Assignment: Write out the records word for word, with no pictures.

Entries supplied:

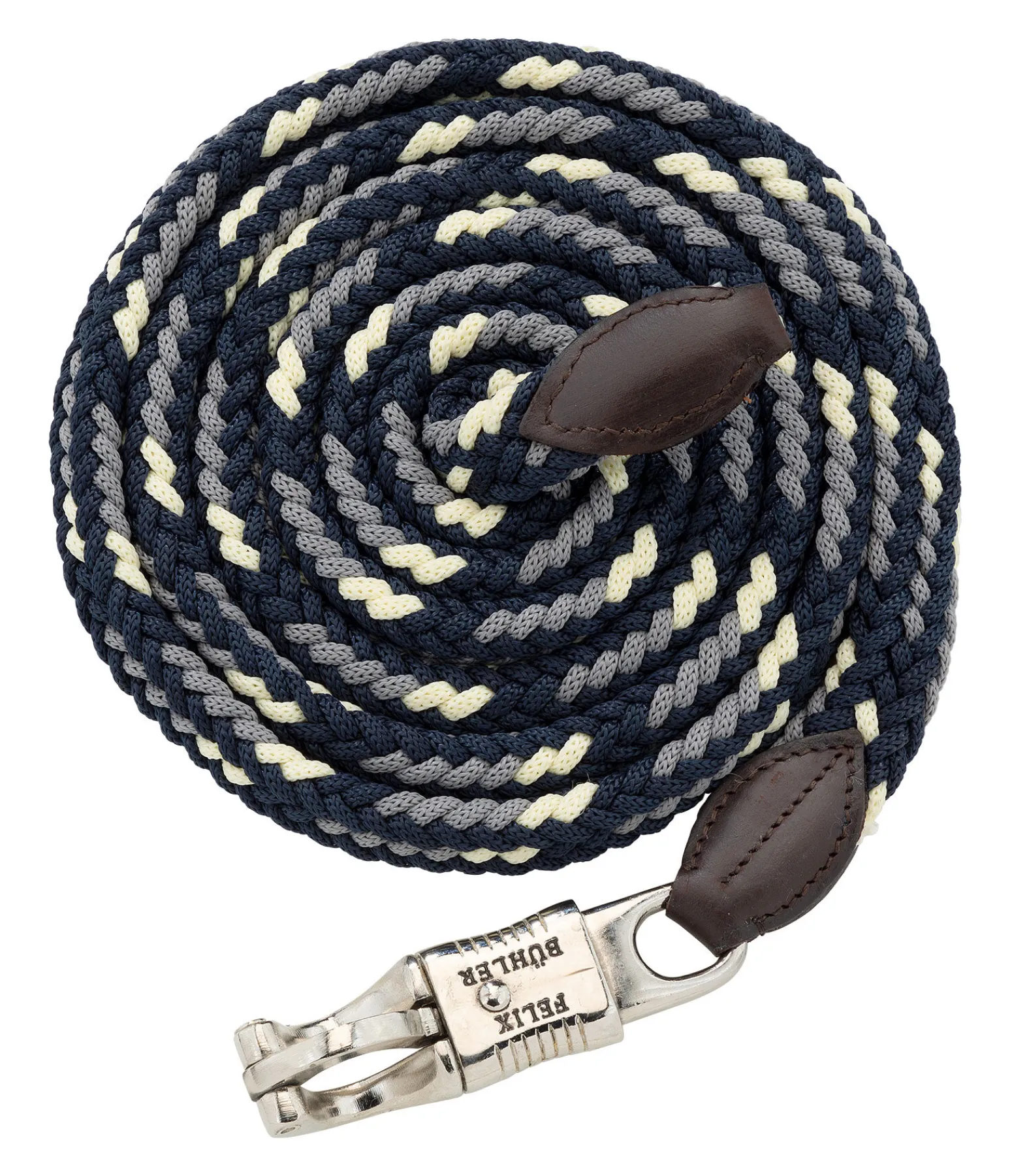 Longe tressée très résistante avec élégants embouts en cuir et mousqueton anti-panique. Assortie au licol 310040. Bouclerie argentée. 2 m. 100 % polypropylène.
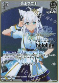 アヤカシヴァーミリオンで追加された<新規ころね>には、<ギフト2ndフブキ>の紫特攻が刺さるため相手の2ndをワンパンすることが可能であり、SP推しスキル「フブキングダム」によりライフ2からの<凸待ち>お見合いもする必要がないため、先攻ならば五分はあります。逆に後攻の場合フブキは2面取りがほぼ不可能であるため2ndが順当に殴り合って負けることになります。
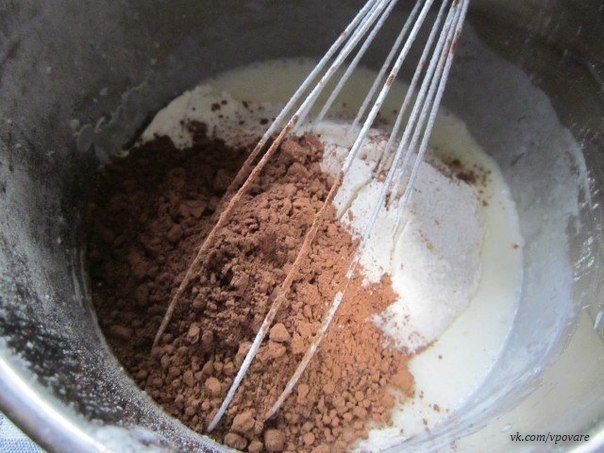 2.Добавляем просеянную муку, соду и какао. Ещё раз хорошо взбиваем.
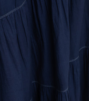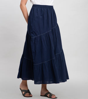 Navy Cotton Skirt with Thread Stitch Line Detail
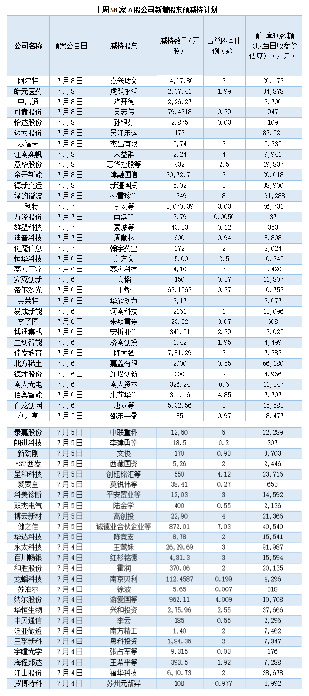 上周(7月4日至7月10日),A股公司预减持规模有所减少。据界面新闻不完全统计,共有58家A股公司披露股东减持计划。
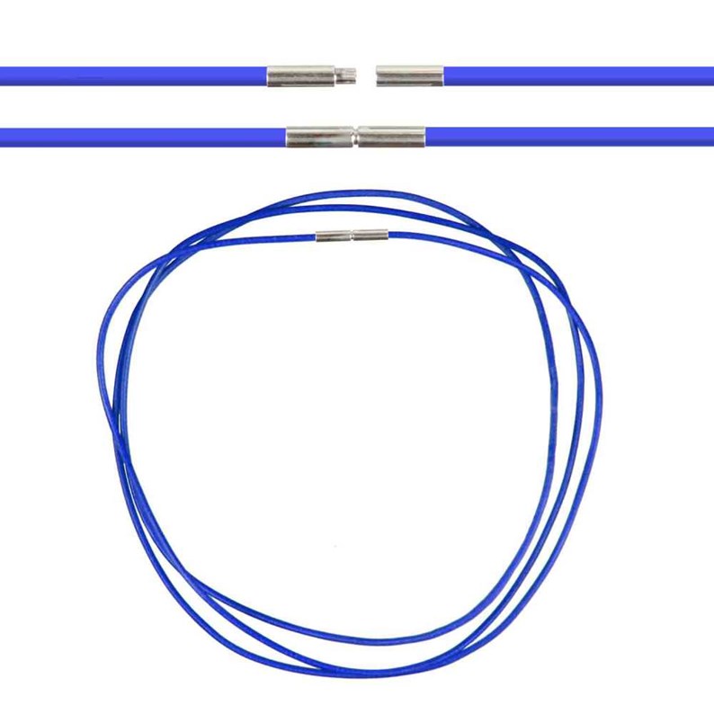 Cordon cuir de chevreau fermoir baïonnette - 46 cm - Bleu marine
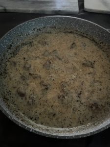 - With your finger, tear small pieces of sausage and add them in a single layer to a large heavy skillet. Brown the sausage over medium-high heat until no longer pink. Reduce the heat to medium-low. Sprinkle on half the flour and stir so that the sausage soaks it all up, then add more little by little. Stir it around and cook it for another minute or so, then pour in the milk, stirring constantly.
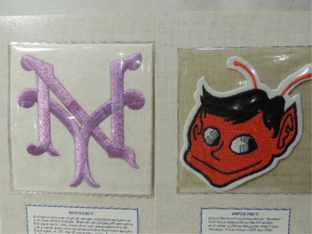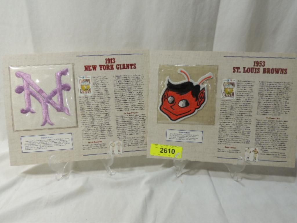 LOT 2 COLLECTORS PATCHES. 1953 ST LOUIS BROWNS AND 1913 NEW YORK GIANTS. MOUNTED ON COLLECTOR PAGE, PART OF WILLABEE WARD COOPERSTOWN COLLECTION. SEE PICTURES FOR DETAILS

Response:
 Longe tressée très résistante avec élégants embouts en cuir et mousqueton anti-panique. Assortie au licol 310040. Bouclerie argentée. 2 m. 100 % polypropylène.
 アヤカシヴァーミリオンで追加された<新規ころね>には、<ギフト2ndフブキ>の紫特攻が刺さるため相手の2ndをワンパンすることが可能であり、SP推しスキル「フブキングダム」によりライフ2からの<凸待ち>お見合いもする必要がないため、先攻ならば五分はあります。逆に後攻の場合フブキは2面取りがほぼ不可能であるため2ndが順当に殴り合って負けることになります。
 2.Добавляем просеянную муку, соду и какао. Ещё раз хорошо взбиваем.
 Navy Cotton Skirt with Thread Stitch Line Detail
 上周(7月4日至7月10日),A股公司预减持规模有所减少。据界面新闻不完全统计,共有58家A股公司披露股东减持计划。
 Cordon cuir de chevreau fermoir baïonnette - 46 cm - Bleu marine
 - With your finger, tear small pieces of sausage and add them in a single layer to a large heavy skillet. Brown the sausage over medium-high heat until no longer pink. Reduce the heat to medium-low. Sprinkle on half the flour and stir so that the sausage soaks it all up, then add more little by little. Stir it around and cook it for another minute or so, then pour in the milk, stirring constantly.
 LOT 2 COLLECTORS PATCHES. 1953 ST LOUIS BROWNS AND 1913 NEW YORK GIANTS. MOUNTED ON COLLECTOR PAGE, PART OF WILLABEE WARD COOPERSTOWN COLLECTION. SEE PICTURES FOR DETAILS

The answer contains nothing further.